Morningstar has upgraded the Fidelity Future Leaders Fund to its exclusive ‘gold’ rating, citing the fund’s “most disciplined and well-articulated investment processes”.
The fund is an actively managed, diversified portfolio of 40 to 70 small to mid-cap Australian shares and has been managed by James Abela since its inception in July 2013.
The stock selection focuses on attractively valued companies with strong competitive positioning and sound company management.
Morningstar says: “Our conviction in Fidelity Future Leaders has strengthened to the highest level. This strategy stands out from the field as one of the best options in the small-cap Australian equities category.”
The fund achieved strong outperformance against relevant benchmarks with the one-year return at 11.6 per cent compared with the benchmark S&P/ASX Mid Small Index at 2.9 per cent over the same period.
The three-year average annual return was 15.2 per cent compared with the benchmark at 11.4 per cent. The average annual return since the fund’s 2013 inception was 15.4 per cent compared to 11.1 per cent for the benchmark.
The fund fell into the bottom quartile in 2016 because of its underweight position in a resurgent materials sector. Performance picked up in the last two years due to investments in software company Altium, logistics fintech WiseTech Global and medical imaging group Pro Medicus.

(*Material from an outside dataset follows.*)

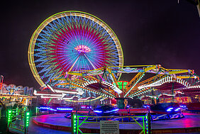 Für Nervenkitzel sorgen Fahrgeschäfte wie der „Blue Fire“, ein dreidimensionales Bewegungswunder der Polyp-Klasse, die schwungvolle Berg- und Talbahn, der spektakuläre „Top Spin“ sowie der luftige „Flying Swing“. Natürlich darf auch der Evergreen Autoscooter nicht fehlen – ebenso wie der X-Faktor, der Action und Spaß garantiert.

Morningstar says: “Although the fund is yet to traverse a full market cycle, it has successfully navigated the volatility and major events during the past few years, with overall promising performance.”
Abela strategically structures the portfolio to have 30 to 50 per cent in quality stocks, followed by 20 to 40 per cent in momentum stocks, 10 to 30 per cent in transition stocks, and 0 to 20 per cent in value stocks.
The investment process screens 100 Australian small to mid-cap companies based on viability (pricing power, strong opportunities, and high return on equity), sustainability (solid industry position, strong positive cash flow, and ability to withstand competitive pressures), and credibility (quality of the business and management).
Morningstar says: “Key aspects of this fundamental stock analysis approach are site visits, management meetings, investigating competitors, industry structure analysis, financial modelling, and valuation assessment.”
Following this, Abela scores the stocks out of 10 for these three pillars and the final portfolio is typically overweight companies that demonstrate stronger-than-average viability, sustainability and credibility.
Morningstar says: “This strategy’s success is highly dependent on Abela’s own judicious investment skill. Admittedly key-person risk is high, but we have faith Abela will continue to exhibit loyalty to his current employer and investors for many years to come.”
The top 10 holdings include medical manufacturer ResMed; software company Altium; Magellan Financial Group; Fisher and Paykel Healthcare; real estate fund Charter Hall; gold producer Northern Star Resources; resources engineering group WorleyParsons; accounting software provider Xero; online real estate advertising company REA Group; and global testing and laboratory services company ALS Ltd.
Morningstar says: “The cost is reasonable given there is no performance fee on top of the 1.2 per cent base, given the benchmark hasn’t been an overly difficult hurdle for the average small-cap manager to beat.”